Collect blood specimen into a red top blood collection tube by vein puncture, which contains no anticoagulants.

Allow the blood to clot, or separate the serum by centrifugation.

Carefully withdraw the serum into a new pre-labeled tube.

Whole Blood Collection

Whole blood can be collected with blood collection tube with venipuncture into blood collection tube (containing EDTA, citrate or heparin).

Or, by lancet lancing. Clean the area to be lanced with an alcohol swab. Squeeze the end of the fingertip and pierce with a sterile lancet. Wipe away the first drop of blood with sterile gauze or cotton. Take a dropper provided, while gently squeezing the dropper tube, immerse the open end in the blood drop and then gently release the pressure to draw blood into the dropper.

Serum, Whole Blood Storage Condition

Test specimens as soon as possible after collecting.

The specimens can be stored up to 3 days at 2-8°C if not tested immediately. The specimens should be frozen at -20°C for longer time storage. Don’t freeze and thaw the specimens for many times.

Prior to testing, bring frozen specimens to room temperature slowly and mix gently.

Specimens containing visible particulate matter should be clarified by centrifugation before testing.

Do not use samples demonstrating gross lipemia, gross hemolysis or turbidity in order to avoid interference on result interpretation.

Double Antibody Sandwich ELISA method is used in this TB Correlative IFN-γ Release Assay to detect the Interferon Gamma Release in human Serum or Whole Blood specifically. The introduction of this Double Antibody Sandwich ELISA testing principle is given blow.

ELISA Double Antibody Sandwich Method Illustration

With this type of ELISA test kits, the detection target usually is hormone protein or viral antigen.

In the test kit, monoclonal or polyclonal antibodies specific to the target protein or antigen are used as capturer, which are pre-coated on the polystyrene microwell strips. The sample from the patient, such like urine, serum or plasma sample is added to the microwells. And a second antibody conjugated with horseradish peroxidase (HRP) is used as the detector, which then is added to the microwells. Usually, the samples and the second antibody conjugate are added to the microwell in the same time, thus it is a one-step assay process.
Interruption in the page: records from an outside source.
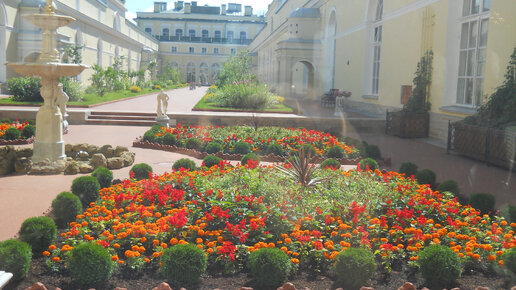 Цветники Петергофа Цветники исторических, дворцово парковых композиций всегда были основным элементом паркового ансамбля. В Петергофе оно отличалось большим разнообразием. От узорчатых клумб до партерного газона. Барочный рисунок цветников в 18-в. был неотъемлемой частью регулярного сада. Монплезир любимый дворец Петра. Был построен одним из первых в Петергофском ансамбле. Разбитый возле него садик представлял квадрат обсаженный самшитом с фонтаном по середине. В 19-в. На смену регулярному стилю пришел стиль пейзажный...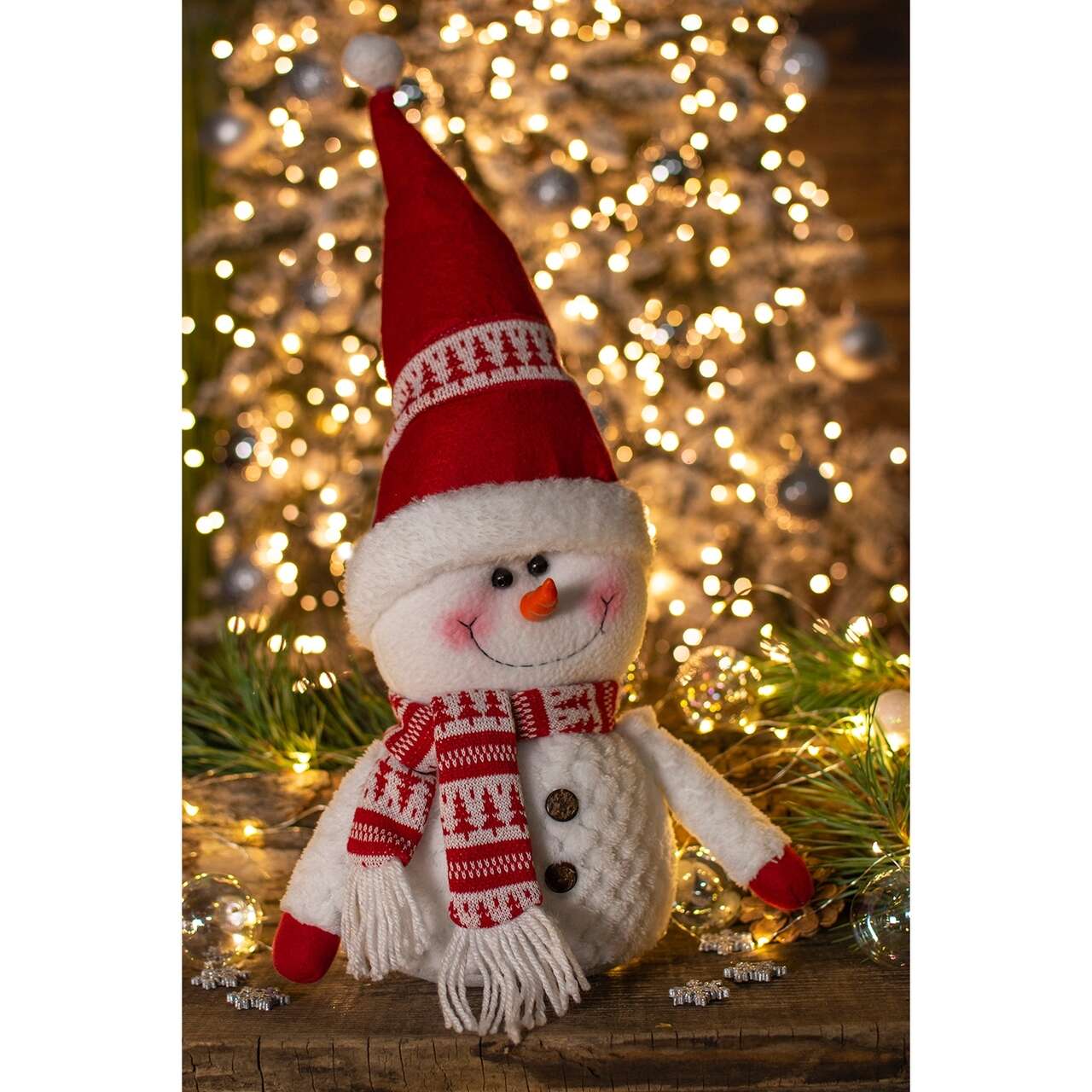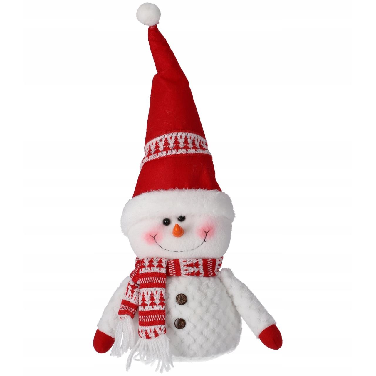 Karácsonyi dekoráció, hóember sállal, piros, 17x49 cm, Jumi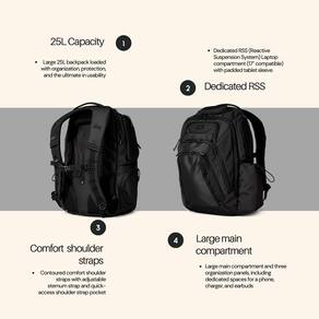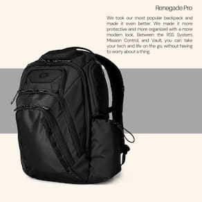 OGIO Mochila Renegade PRO (Renegade Pro, preta) - Mochila grande de 25 L cheia de organização, proteção e o máximo em usabilidade - Compartimento para laptop RSS (sistema de suspensão reativa) dedicado (compatível com 17 polegadas) com capa acolchoada para tablet. - Sistema de organização de controle de missão – (23) bolsos totais - Compartimento principal grande e três painéis de organização, incluindo espaços dedicados para celular, carregador e fones de ouvido. - Bolso protetor moldado Tech Vault para seus itens frágeis e valiosos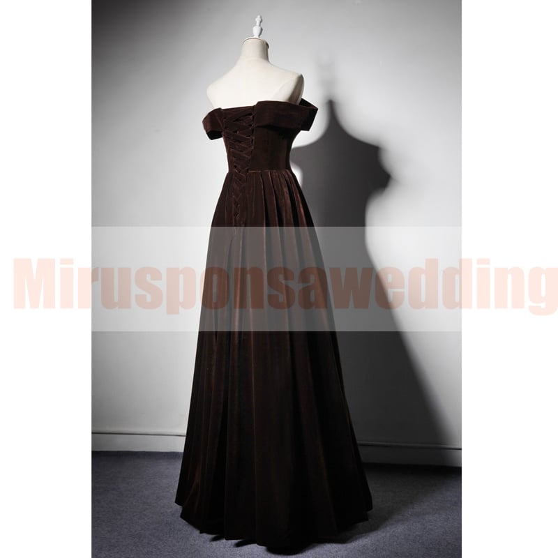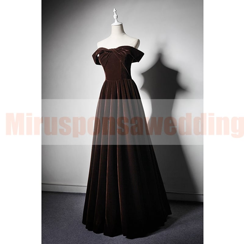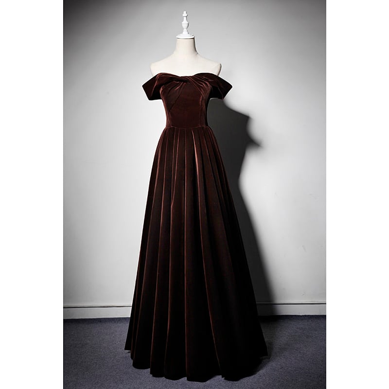 Bateau Neck A Line Velvet Long Prom Dresses Short Capped Sleeve Brown Evening Gowns Ruched Floor Length Vintage Evening Dresses with Lace Up

During incubation, the specific immuno-complex formed in case of presence of the target antigen or protein in the sample, and is captured on the solid phase.

After washing to remove sample serum proteins and unbound HRP-conjugate, Chromogen solutions containing tetramethyl benzidine (TMB) and urea peroxide are added to the wells. In presence of the antibody-antigen-antibody (HRP) "sandwich" immuno complex, the colorless Chromogens are hydrolyzed by the bounded HRP-conjugate to a blue colored product. The blue color turns yellow after stopping the reaction with sulfuric acid, indicating a positive result. The amount of color can be measured and is proportional to the amount of antigen or protein in the sample.

Wells containing samples negative for the target antigen or protein remain colorless.